To fight cancer, medical oncology has currently multiple therapeutic arms. Two of them, surgery and radiotherapy, act locally and are mainly used in early stages of the disease and another, chemotherapy acts systemically and is mainly used when the disease is widespread. The treatment used may be different for each cancer depends on many factors including the type of tumor, the location and extent of the disease and the patient's health status. However, more and more they combined treatments between these three methods to fight cancer are used.

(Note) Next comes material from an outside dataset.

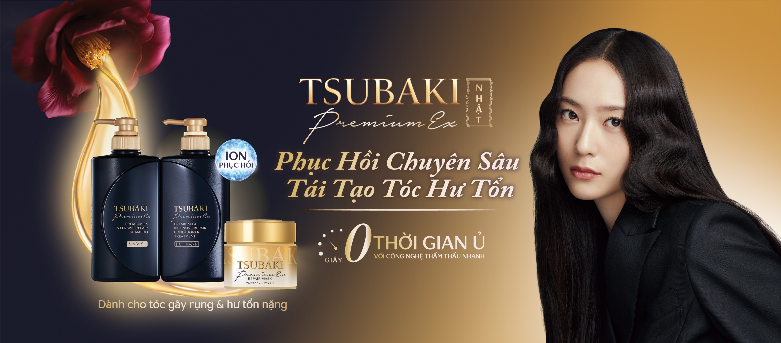 - Thành phần cao cấp từ thiên nhiên Nhật Bản: dầu hoa trà, protein đậu nành, sữa ong chúa giúp bổ sung Lipid và protein thiết yếu cần thiết cho tóc.

Radiation therapy is the use of radiation to kill cancer by damaging them with high energy rays cells.• Chemotherapy: The term refers to a variety of drugs used to treat cancer. These drugs work by damaging cancer cells prevents their division. However, all drugs used to treat cancer are not cytostatic, and so we have also:• hormonal drugs, since some tumors maintain a dependency on hormones for their growth.• antidiana drugs that work by blocking these molecules needed for the tumor to grow.• Vaccines whose purpose is to stimulate the body's defenses to act against cancer. Currently, over 100 are marketed drugs for treating cancer and the number of drugs that are currently under research and development is about 3,000. Unfortunately, chemotherapy does not only acts on the cancer cell, but also attacks those normal cells that are in the process of cell division, so a number of undesirable side effects that may affect, to varying degrees, to occur all organs. Among them, the most common are nausea and vomiting, alopecia, blood disorders, mucositis, diarrhea, neurological disorders, heart failure, lung or liver, infertility, etc.. Fortunately, these effects do not occur in all cases and are not always serious. In addition, most side effects can be prevented with treatment, they are reversible and usually recover quickly.